Mitchell Burgzorg

Personal information
- Date of birth: 25 July 1987 (age 38)
- Place of birth: Zaandam, Netherlands
- Height: 1.76 m (5 ft 9 in)
- Positions: Defensive midfielder; right-back;

Youth career
- 1991–1994: Hellas Sport
- 1994–2006: Ajax

Senior career*
- Years: Team / Apps / (Gls)
- 2006–2008: Haarlem / 38 / (2)
- 2008–2010: NEC / 23 / (0)
- 2010–2012: Almere City / 37 / (7)
- 2012–2014: Ludogorets / 24 / (2)
- 2014–2015: Slavia Sofia / 15 / (1)
- 2015–2016: Almere City / 19 / (0)
- 2018–2022: Ajax Amateurs / 39 / (2)
- Total:  / 195 / (14)

= Mitchell Burgzorg =

Footballer and rapper (born 1987)

Mitchell Burgzorg (born 25 July 1987) is a Dutch retired footballer and a rapper under the name Priester.

==Football career==
Burgzorg was born in Zaandam. A defensive midfielder or right-back, he who made his debut in professional football, being part of the HFC Haarlem squad in the 2006–07 season. In 2008, he moved to N.E.C. Nijmegen.

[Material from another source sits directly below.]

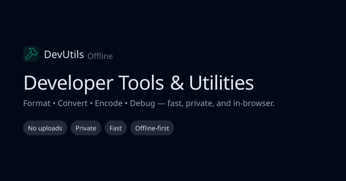 A suite of offline-first, client-side developer tools including JSON formatters, SQL beautifiers, and more.

In June 2014, Burgzorg moved from Ludogorets Razgrad to fellow Bulgarian A Group side Slavia Sofia, only to return to Almere City in summer 2015.

== Honours ==
Ludogorets
- Bulgarian A Group: 2012–13, 2013–14
- Bulgarian Cup: 2013–14

==Music career==
Burgzorg has also developed a music career as a rapper under the stage name Priester. He is signed to Black Label Music. In collaboration with Nino, he appeared on 24 uur Volume 1 and 24 uur Volume 2 released by Black Label Music.

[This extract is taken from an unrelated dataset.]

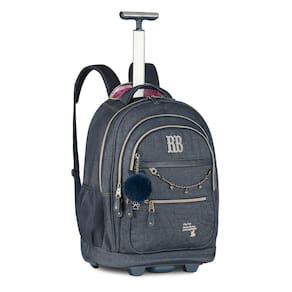 Esse kit da Rebecca Bonbon é completo e cheio de estilo A mochila de rodinhas RB27023, em jeans com detalhes em ouro velho, é super espaçosa, possui compartimento acolchoado para notebook e tablet, além de vários bolsos organizadores e bolsos laterais. Pode ser Utilizado tanto no carrinho, com rodinhas resistentes e puxador de metal, quanto nas costas, com alças acolchoadas escondidas no compartimento traseiro e proteção de rodas. Acompanha chaveiro de pompom com orelhinhas, correntinha com strass e cartela de adesivos. Dimensões: 48x35x19cm. A lancheira RB27025 é térmica, tem ótimo espaço interno, bolsinho frontal, três opções de alça mão, ombro e carona e combina perfeitamente com a mochila. Dimensões: 20x24x14cm. O estojo box RB27026 completa o kit com muito espaço: são 36 elásticos para organizar lápis, um estojo interno fechado por zíper e capacidade para até 100 itens. Dimensões: 22x16x6cm. Marca: Não Informado

He is a rapper who was part of the rap formation LSD (full name Lyricale Straat Dichters) based in Zaandam. He left them in 2011 for a solo career.

Known for his collaborations with other artists, he was featured in June 2010 in "Baas in mij" with Ali B and football player / rapper Soufiane Touzani, quickly followed in August the same year in "Een dagje @ spec" with Ali B, Keizer and Gio.

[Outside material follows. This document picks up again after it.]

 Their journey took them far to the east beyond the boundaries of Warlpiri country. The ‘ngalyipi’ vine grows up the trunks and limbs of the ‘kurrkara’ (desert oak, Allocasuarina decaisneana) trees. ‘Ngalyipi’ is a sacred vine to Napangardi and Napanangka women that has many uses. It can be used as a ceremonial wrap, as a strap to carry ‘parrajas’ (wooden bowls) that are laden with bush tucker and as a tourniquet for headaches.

In February 2011, Priester prepared his own mixtape Baas Boven Baas, but it was never officially released. However, he released "Geen 1" as a single and a music video. In 2011, he appeared on Swagg On Remix, a collaboration with well-known names like Ali B, Brainpower and Excellent.

On 25 January 2012, Priester took part in the popular Dutch television series Ali B op volle toeren hosted by Moroccan-Dutch rapper Ali B. He was paired with artist Ronnie Tober to perform each other's works. Priester interpreted Tober's "Rozen voor Sandra"	in a new version, whereas Tober took Priester's "Geen 1" and interpreted it as "Er is niemand zoals jij". In 2012, he signed to the Nindo music label. The manager of Nindo (Negative) has been unofficially announced that the 'Baas Boven Baas mixtape' is done, but when the mixtape comes out is not yet known.